> **TO DO**
Work through the listing below and give again exactly the lines from the one with "Figure 15a), which" to the one with "Home>NHL>Edmonton Oilers>Ty Rattie>Women's", both ends included. All other lines and all pictures stay out.
= = = =
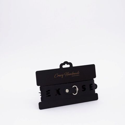Черный однослойный кожаный ошейник с имитацией фигурного воротничка
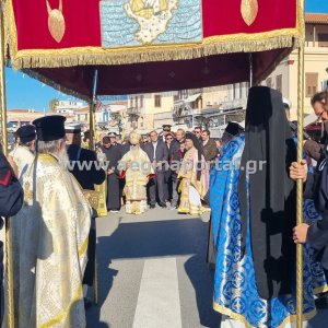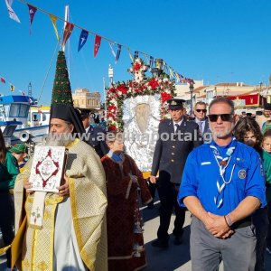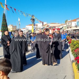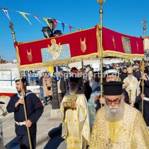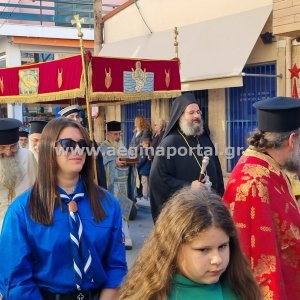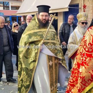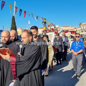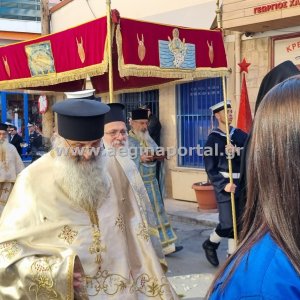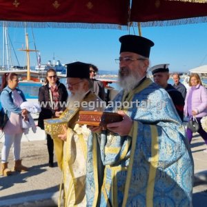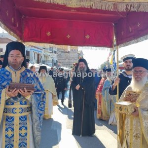 Φωτογραφίες από την λιτάνευση της εικόνας και των ιερών λειψάνων του Αγίου Διονυσίου, πολιούχου της Αίγινας.
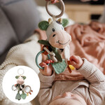 A: Το παιχνίδι διαθέτει πρακτική θηλιά που επιτρέπει την εύκολη και γρήγορη τοποθέτηση και αφαίρεση σε καρότσι, κούνια ή κάθισμα αυτοκινήτου, προσφέροντας άνετο παιχνίδι εν κινήσει.
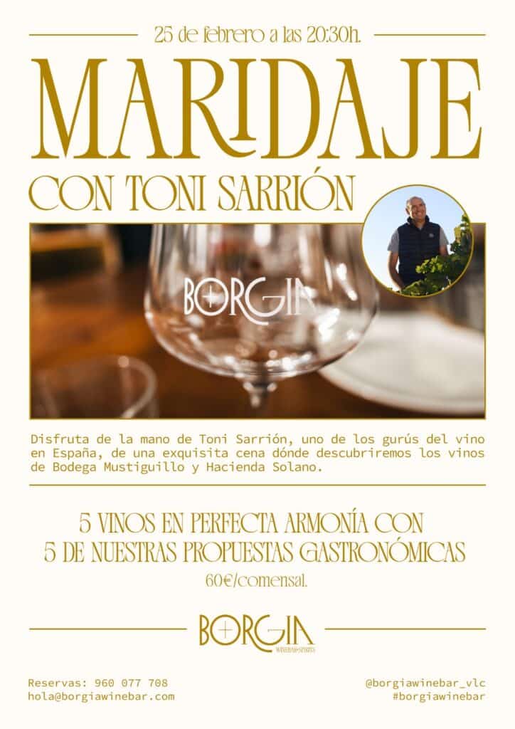 BORGIA Winebar organiza un maridaje junto a Toni Sarrión
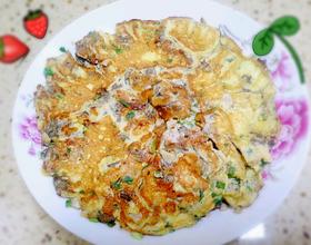倒入打好的蛋汁煎至定型在翻一面煎金黄
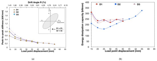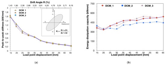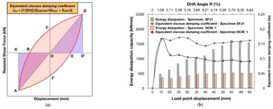 Figure 15a), which is related to deformability and to the inelastic characteristics of the structural member, while consisting of both the hysteretic and the elastic damping. It is noteworthy that the equivalent viscous damping ratio values are higher for structural members that possess dissipating hysteresis behavior. Contrarily, poor energy dissipation capacity may result in the collapse of the structural member due to the cumulative seismic energy under small deformations. Coefficient
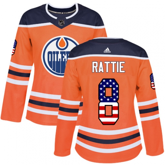 Home>NHL>Edmonton Oilers>Ty Rattie>Women's Adidas Edmonton Oilers #8 Ty Rattie Authentic Orange USA Flag Fashion NHL Jersey
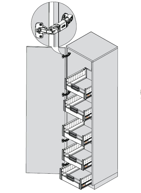 Podpowiedzi montażowe: od szerokości wewnętrznej korpusu należy odjąć 98 mm aby uzyskać wymiar przycięcia panelu przedniego
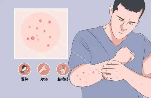 病毒潛伏期5~21天,多爲6~13天。發(fā)病早期出現發(fā)熱、寒戰、頭痛、嗜睡、乏力、背部疼痛和肌痛等前驅症狀,發(fā)病後(hòu)1至3天出現皮疹,病程約2至4周。皮疹結痂脫落後(hòu)可遺留紅斑或色素沉著(zhe),甚至瘀痕持續時(shí)間可長(cháng)達數年。部分患者可出現并發(fā)症,包括皮損部位繼發(fā)細菌感染、嘔吐和腹瀉引起(qǐ)的嚴重脫水、支氣管肺炎、腦炎、角膜感染等。2022年後(hòu)發(fā)現的病例臨床表現相對(duì)較輕且不典型。
= = = =
> **RESPONSE TO THIS TASK**
 Figure 15a), which is related to deformability and to the inelastic characteristics of the structural member, while consisting of both the hysteretic and the elastic damping. It is noteworthy that the equivalent viscous damping ratio values are higher for structural members that possess dissipating hysteresis behavior. Contrarily, poor energy dissipation capacity may result in the collapse of the structural member due to the cumulative seismic energy under small deformations. Coefficient
 Home>NHL>Edmonton Oilers>Ty Rattie>Women's Adidas Edmonton Oilers #8 Ty Rattie Authentic Orange USA Flag Fashion NHL Jersey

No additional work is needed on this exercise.